AWS Network ELB take 4 minutes to recognise target as healthy

16
votes

Using AWS Network ELBs: takes at least four minutes for a registered instance to become 'healthy'. The instances and services have been running for days, I am simply de-registering and then registering on the same target group, as part of a deployment. If I use a script or use the AWS UI, CLI it makes no difference.

Healthcheck Settings are:

  • Port: tried various, all have listening services tested via curl. 80,22,9001
  • Healthy threshold: 2
  • Unhealthy threshold: 2
  • Timeout: 10
  • Interval: 30

I can see the connection requests coming in on whatever port has been specified, the service responds appropriately and the connection is then closed. As far as I am aware this should be sufficient for the ELB to determine that the instance is healthy (once the threshold has been passed). Which should mean that my instances are up and running no more than 90 seconds past registration time. I have no idea why this should be happening, should be straight forward.

I cannot determine what would be causing such a long delay given that I have fulfilled the known criteria for my instances being healthy. They sit at the Elb.InitialHealthChecking reason for about 4 minutes. Any ideas on further tests to determine the cause of the delay?

2
amazon-web-servicesamazon-elb
How long is the instance deregistered? Is connection draining enabled?John Hanley
I check the status every 15 seconds until it is de-registered, then I perform some other tasks which take about a minute, then I re-register it.Tim Lindsay
draining is set to 15 seconds. I wait until the instances are 'unused' via the describeInstanceHealth api call, before I proceed to do the other tasksTim Lindsay
have this been fixed? I feel I also running into this.karthikeayan

2 Answers

12
votes

We hit this issue with NLBs and raised it with AWS support on March 20, 2018. Their response:

This is a known issue, where a newly registered instance remains in initial state for longer period of time and our internal team is already working on the fix for this issue. Unfortunately, at this point in time we do not have an ETA for the fix.

They confirmed that, under normal circumstances, targets should remain in the initial state until HealthyThreshold health checks pass.

1
votes

That is close to being the expected behavior of NLB.
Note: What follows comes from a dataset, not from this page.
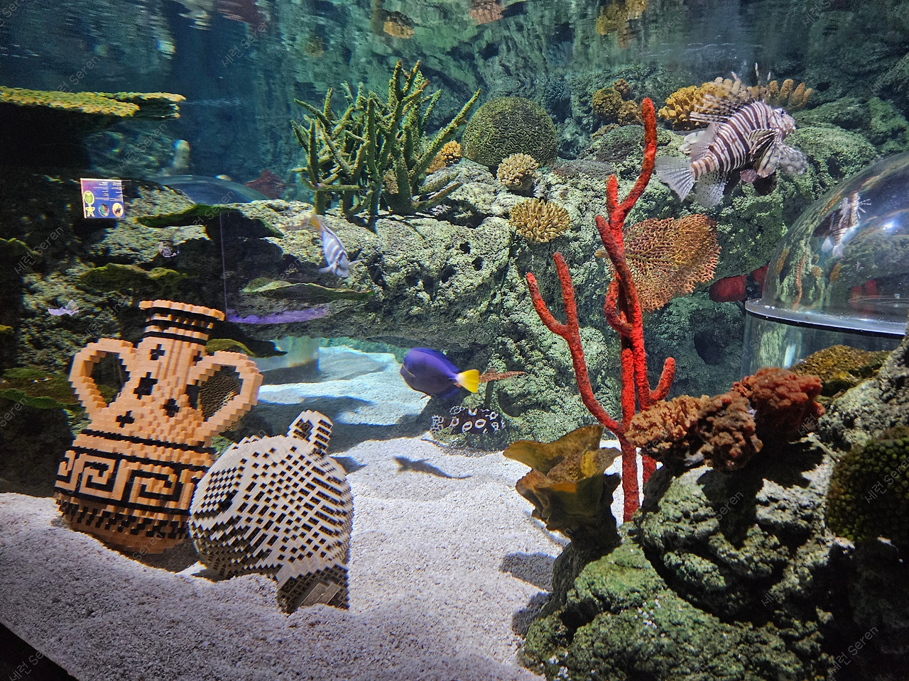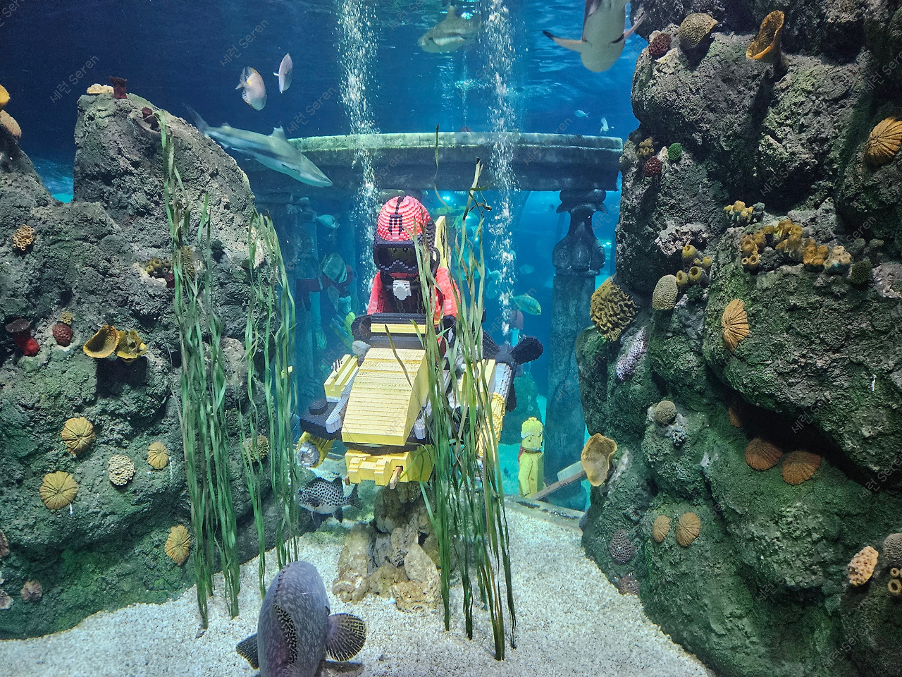 10시 오픈 시간에는 문을 여는 체험 공간과 놀이기구가 별로 없었다. 다행히 미니어처 랜드 가까이에 아틀란티스 체험 공간이 있어 구경했다. 들어가서 레고 애니메이션을 감상한 뒤 해저 공간처럼 꾸며 놓은 수족관을 관람하는 거였다. 중간중간 버튼을 누르면 레고에서 거품도 나오는데 유치하지만 동심으로 돌아가 즐겼다.

Yes, when you register a new target to your Network Load Balancer, it is expected to take between 90 and 180 seconds to complete the registration process. After registration is complete, the Network Load Balancer health check systems will begin to send health checks to the target. A newly registered target must pass health checks for the configured interval to enter service and receive traffic. For example, if you configure your health check for a 30 second interval, and require 3 health checks to become healthy, the minimum time a newly registered target could enter service is 90 seconds after a new target passes its first health check.

Similarly, when you deregister a target from your Network Load Balancer, it is expected to take 90-180 seconds to process the requested deregistration, after which it will no longer receive new connections. During this time the Elastic Load Balancing API will report the target in 'draining' state. The target will continue to receive new connections until the deregistration processing has completed. At the end of the configured deregistration delay, the target will not be included in the describe-target-health response for the Target Group, and will return 'unused' with reason 'Target.NotRegistered' when querying for the specific target.

Support also confirmed there is no work in progress to make it any faster than 3 minutes.